For those of you still waiting for news about your loved ones, I will pray that good news also finds it way to you.

Tuesday, December 22, 2009

December 2009 – Meanderings of a muddled mind….

A friend mentioned the Bead Journal Project 2010 to me during the summer when I was struggling to summon my creativity and having a difficult time doing so. I love to bead and thought this commitment might be exactly what I needed to force myself into creativity. So I signed up on October 1st…I tried to sign up before that, but they wouldn’t let me!

I am a doll maker first and foremost. I am a proud member of the River City Dollmakers and have been a member of this group since 1997 – a year before we had a name! They are an amazingly talented group of women and men who are giving of their time and talent. Not only have I learned much about doll making and the business side of things in this group, but I consider these wonderful people to be friends as well…it doesn’t get any better than that.

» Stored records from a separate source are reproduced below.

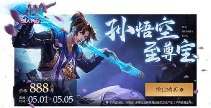 2020王者荣耀孙悟空至尊宝什么时候返场2020 王者荣耀孙悟空至尊宝什么时候返场 五五开黑节就要来了 在这个活动中游戏将会上线新皮肤和返场皮肤 上次错过孙悟空至尊宝皮肤的小伙伴这次千万不要错过了 那么跟着小编来看看什么时候返场吧 2...
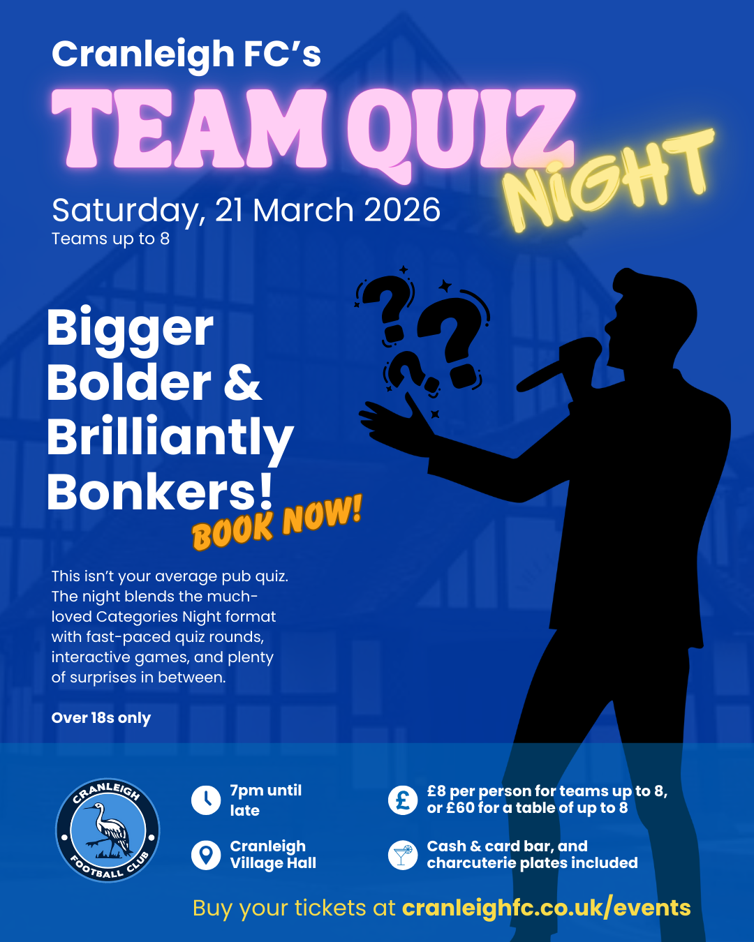 Dust off your thinking caps and rally your brightest mates — Cranleigh FC’s legendary quiz night is making a triumphant return this spring, and it promises to be a cracking evening of laughs, competition, and classic quiz chaos.
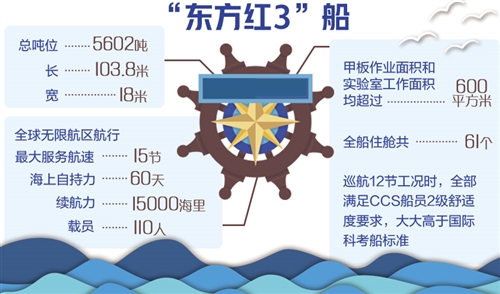 “東方紅3”船是一艘5000噸級新型深遠海綜合科學考察船,以培養深海大洋創新型人才為首要任務,融合科學研究、科學考察、高新技術研發應用為一體。該船總長103.8米、寬18米,海上自持力長達60天,可連續航行1.5萬海里;載員110人,甲板作業面積和實驗室工作面積均超過600平方米。該船是目前世界上最安靜,定員最多,經濟性、振動噪聲、電磁兼容等指標要求最高,作業甲板和實驗室面積利用率最大、綜合科考功能最完備的新一代海洋綜合科考船。
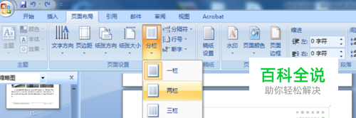 然后在菜单栏点击“页面布局”,在其下方找到“分栏”,在其下拉菜单中,选择栏数(本例选择两栏);
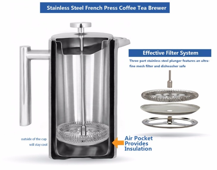 Francia Sajtó Kávéfőző Tökéletes Reggeli Kávéhoz (34 Oz), Hőálló, Hordozható Kávéfőzőhöz

Mid-summer 2009 brought the art of Zentangle into my life ( This art form feels like “home” to me. It has kept me sane and started to rekindle my artistic desires. Sitting with a pen in hand and doodling tangles is a very Zen experience. Does this sound corny? Yes it does, but it feels really wonderful. Are you sure you have no artistic talent? Would you love to be able to create something beautiful? I believe anyone who practices this relaxing, meditative medium can become quite accomplished. Years ago I took a face drawing course from the inestimable elinor peace bailey. I remember she said “practice is everything. If the only thing you can draw is a stick figure, practice them every day. Eventually you will find that you make the best stick figures on your block.” Zentangles are much the same…you get better…and more relaxed. Sounds like a win-win situation to me!

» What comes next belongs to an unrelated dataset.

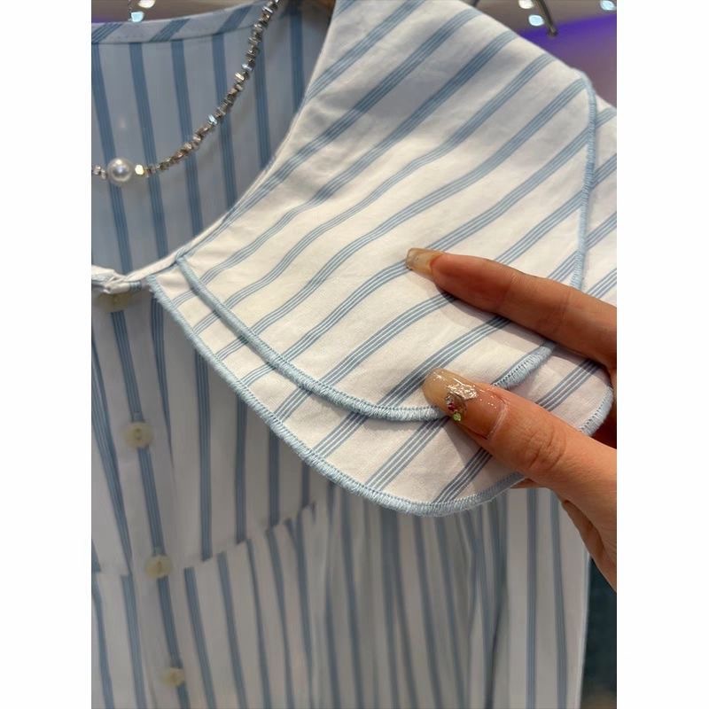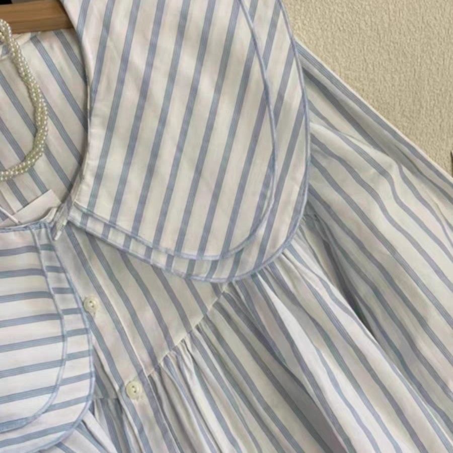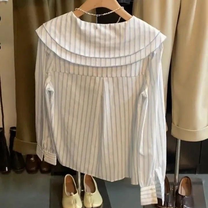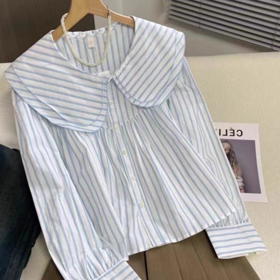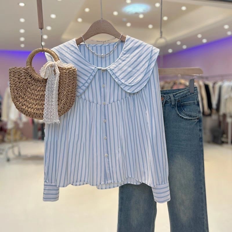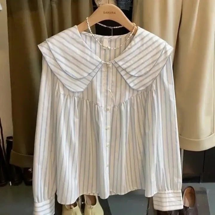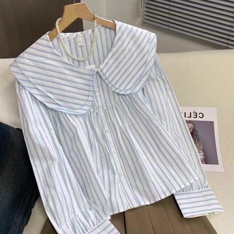 프랑스 줄무늬 인형 칼라 셔츠 여성의 봄과 가을 디자인 센스 틈새 패션 연령 감소 독특한 세련된 긴 소매 탑스토어 가기

I also love to make wearable art and that seems to be where the majority of my beading has been utilized. In looking through the past bead journal project galleries I saw some techniques that look very interesting to me. In fact, they look like the bead version of Zentangles…so I believe that 2010 will be the year of the bead and the pen for me and am looking forward to expanding and improving my beading skills.

There is much I need to learn about beading. I find the best way for me to learn something new is to decide on a project (or new technique) I want to create and then learn the steps and techniques necessary to achieve that goal…maybe a little backwards…but this is the way I learn with great eagerness and gusto!

I am at odds with my approach to this journal. I live in a small place and do not have room for lots of wall art. I hate the thought of creating a journal in which each page will (hopefully) be worthy of being the front cover…not hiding in the middle or end of the journal. Do I want to use a theme like Carol Lenthal’s triptych or Karen Cohen’s spirals? Should I make pieces that will fit together into a sculptural figure? Should I make each page with a detachable piece of art to be worn as jewelry? Do I want a very sophisticated work…if I go that route what happens to the snowman who is begging to be beaded?

Okay…what do I actually want for 2010? Most importantly, I wish for a year of calm and peace – oh and good health. Don’t we all? Still, I felt the need to say it. Artistically, I’d love to get back to my old creative ways…where I had so many ideas flitting through my head that I could hardly think straight. Things I wish to accomplish in the making of this journal?

1) The study of textures
2) A study of colors
3) 3-D effects (my snowman really wants to have a round belly)!


Handpainted skirt has a diameter of 14".